I remember the days when I began my search but didn’t realized it when it was actually over… That time I was working at South Ex., with an organisation manufacturing Medical Equipments. I was the only unmarried female among all middle-aged married men and a sober Bengali guy exactly of my age group…..My profile there being a coordinator, everyone at office has to come to me (whether they liked it or not) regarding varied things. Except one person everyone was friendly within 2-3 days…this guy named ARIJIT, used to talk minimal with me…..he was reluctant to ask about the things and liked handling tasks on his own.....as and when he used to get confused he took help from someone else avoiding me totally…...Though astonished by his acts, but I didn’t interrupted since I was new there…...gradually 2 months passed, I was enjoying my work simultaneously the hot and happening vicinity of South Ex......exploring the market place....shopping or jusy simply hanging out with my friend…...One fine evening at office Arijit came to me asking to make a quotation…on to my surprise I said – Are you asking me…???? And he replied – yes, with a frail look…. completing further…he said – This quotation is very urgent…but I don’t have details of it since Mr. Verma (our MD) has given details to you only….kindly make the quotation or suggest me I shall do it on my own.

I was happy that at least he broke his silence and replied him with a smile – that I will do it. It was 6 already and I had to rush for my charted bus…still I preferred completing the quotation. By the time everything got done it was 7.30....…and I got late. I handed over the quotation to him saying its done...you can take it......He thanked me for my effort and said with a smile – You got late due to me work, I am sorry…on that I replied – but it was urgent therefore it was required to be completed today itself…..isn't.....!!! We both left office together…I was feeling hungry and asked him about it…we went to Bikaner to have snacks…..how can a Bengali guy skip a ROSOGULLA…....he delightedly ordered it along with my samosa….By this time we got familiar with each other…later we took auto for my place and he dropped at the mid way to proceed to his home….He again thanked me and waived – Goodbye with a smile…!!!!

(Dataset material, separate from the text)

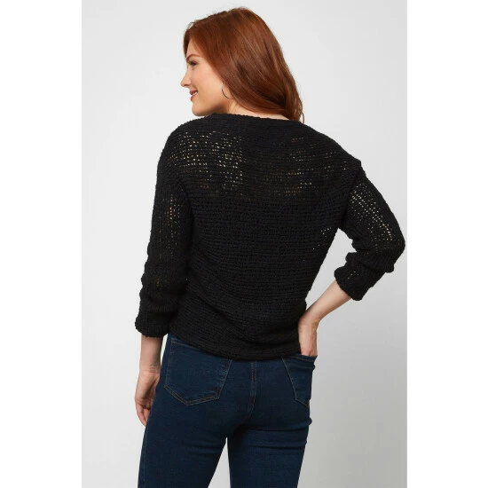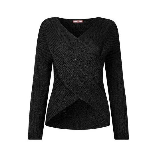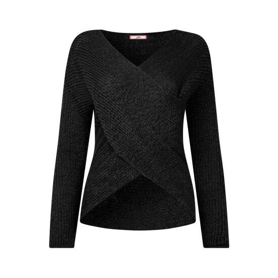 A flattering mock-wrap knit, available in two versatile colourways – perfect for layering.

On my way back home I realized that how one can lead different lives at home and at office…he is reserved and totally into his work at office whereas he is friendly and sensible as a person inside…!!! He taught me balancing – work and life…!!!! Adding to my surprise more, he called me up after 1hour to confirm that I reached back safely at home. I liked him being sensible and soon we were very good friends at office and otherwise too…!!!!!!